Research

Academic Research to Date has Included:

“Am I Not Your Girl: What Does Cathy Mean When she Says ‘I am Heathcliff’ ?”
MA in Cultural Studies Thesis for the University of Sussex 1993.

“Breaking The Name:  Psychosis and Love in Lars Von Trier’s Breaking the Waves
Graduate Diploma in Psychoanalysis Thesis for LSB College 1998.

“The Lies, The Wish, and The Wardrobe: Homophobia, Homosexuality and the Closet on the Coach.”
MSc in Psychoanalytic Psychotherapy Thesis for UCD/St Vincent’s Hospital 2002.

“The Last Seduction: Society, Paedophilia and the Bankruptcy of Childhood Sexuality”
MPhil in Gender and Women Studies Thesis for TCD 2006.

“Nommo-Sexuality: Naming Homo/sexual Desire: A Dis-story”
PhD with the School of Nursing at DCU, 2010-2015

 

Plans for Future Research

I am currently researching transgenerational trauma with a particular sociological emphasis on the nightmare of History from which, despite political independence, Irish society and the Irish psyche, cannot escape; a history dictated through desires of (m)Other church, (m)Other Ireland, as and in reaction to centuries of British Othering. Irish society is over laden narratives of suffering, passivity, hope that can only be incorporated within a dread-full history, a dread-filled present with the highest statistics of child abuse in the EU, endemic national alcoholism, suicide and depression.

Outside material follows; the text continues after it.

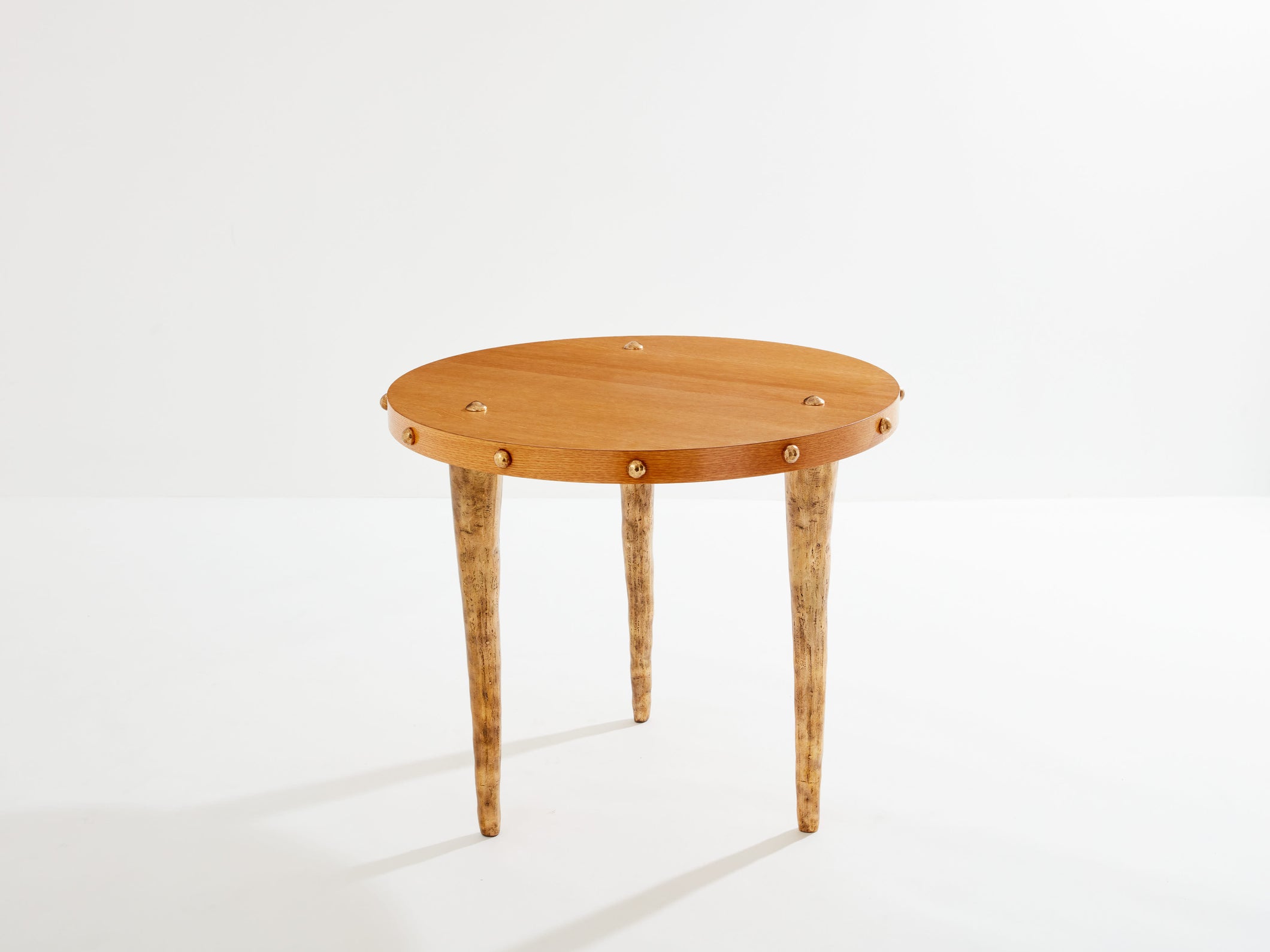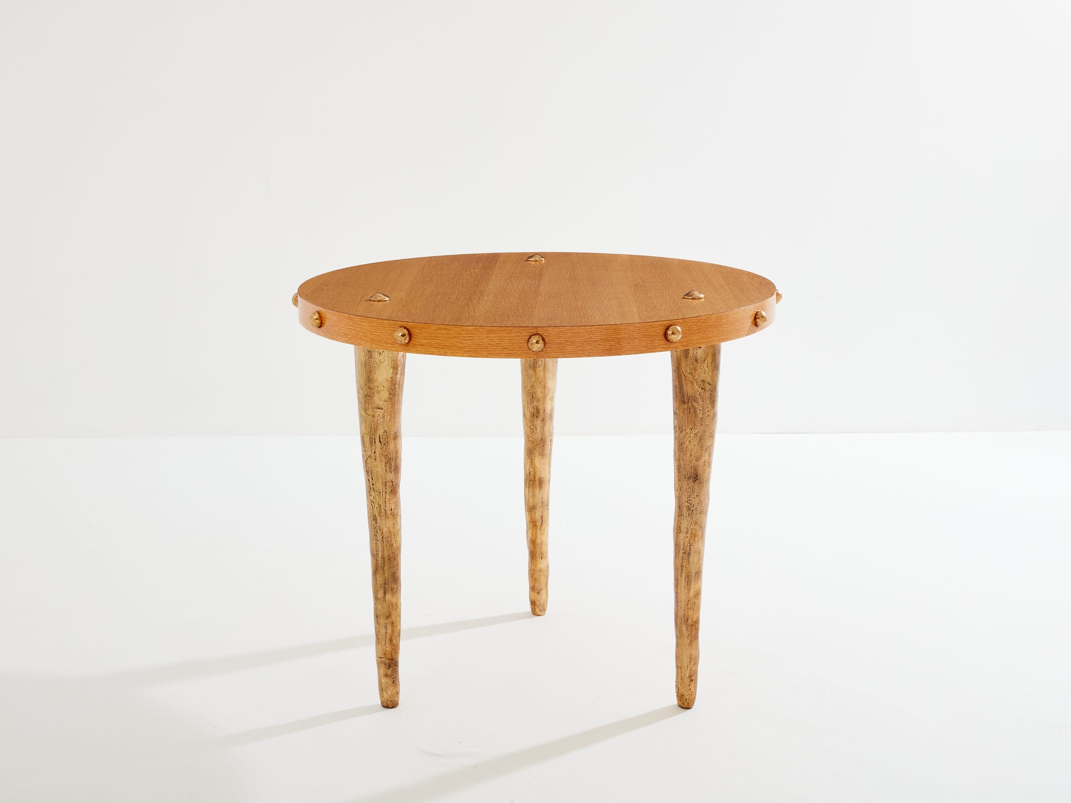 Nice gueridon table by Elizabeth Garouste & Mattia Bonetti, designed in 1987 by the iconic duo, and edited by B.G.H. Editions. The three large feet are made in solid patinated bronze, topped by an oakwood round top adorned with gilt and patinated bronze elements. This is clearly a statement piece, especially for those that believe passionate expressions of creativity go hand-in-hand with interior design. The piece is emblematic of the design duo’s commitment to avant-garde, romantic style, and is highly decorative. It has been fully restored, bronze lightly cleaned and revarnished, respecting its original patina.

The national ‘shame’ around homelessness and yet the minimising of this reality by our Government and Taoiseach. The historical legacy inherited within Irish society, forged through narratives of suffering, but denying the trauma of transgenerational silence; the repetitious unspoken pain of Irish subjectivity. The Great Irish Famine is known in the Gaelic language as ‘An Gorta Mór’ evoking both the word gort, (crop/field) and more significantly gortaigh, (to wound/injure). Culturally and historically, hope in Ireland was traditionally only ever located in the next life, merely to be garnered through suffering in this one. True hope, clinically, individually and collectively can only be approached through a telling, a language, people that speak.

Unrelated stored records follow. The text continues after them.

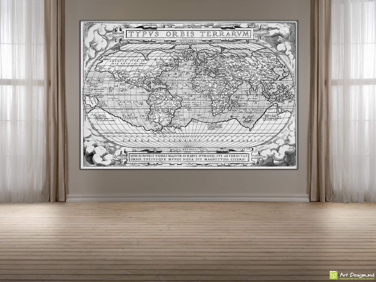 Этот постер на холсте с изображением старинной карты мира в черно-белом исполнении добавит исторический шарм в любой интерьер. Детали карты, выполненной в классическом стиле, напоминают о временах великих путешествий и исследований. Картина будет прекрасным дополнением для кабинета, библиотеки или любого пространства, где ценят эстетику старинных карт и научные открытия. Печать высокого качества на холсте из Кишинева обеспечит яркие и насыщенные цвета, которые будут радовать вас долгое время.
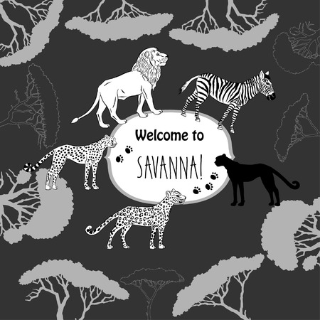 サバンナの動物背景 手描きのベクトルの木 ライオン チーター シマウマ サファリパーク ベクトル図のイラスト素材 ベクタ Image
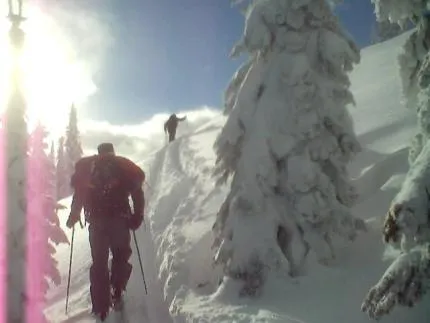 Här har vi Eric, o Sarah på väg upp mot toppen o Eric avaktar tills Sarah nått säkrare terräng innan han ger sig ut i det öppna o exposerar sig mot lavin fara. Allt del i MAST programet.

I am organising an international conference in July 2019 with the Committee on Gender and Sexuality of the International Psychoanalytic Association to be hosted at Trinity College Dublin. Rather than this being a strictly ‘academic’ psychoanalytic conference, this is being proposed as a space where any and all attendees could learn something about psychoanalysis as an informing discourse in considerations of gender/sexuality in a lived experience sociology rather than a cold dry theoretical academic discourse; but more importantly where psychoanalysts could learn/share/listen to/speak to lived social experiences from other attendees especially those who are not psychoanalytically trained; to really return to the art of listening, rather than reinforcing egos and imaginary positions/identifications of being ‘experts’ who know everything.

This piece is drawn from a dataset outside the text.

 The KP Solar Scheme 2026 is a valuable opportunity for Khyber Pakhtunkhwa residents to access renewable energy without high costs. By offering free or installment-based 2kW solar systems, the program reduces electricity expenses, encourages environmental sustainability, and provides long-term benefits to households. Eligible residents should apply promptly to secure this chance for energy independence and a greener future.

I am also researching the repetitions of and around Oscar Wilde and his father William; and the parallels in libels, sex scandals, maternal interventions and court cases that destroyed both their lives and reputations in a chapter entitled: “The Sons of the Father Fall on the Som: Wilde Trauma across Generations” to be published in 2018 by Cambridge University Press in a book entitled Psychoanalysis, Gender, and Sexuality.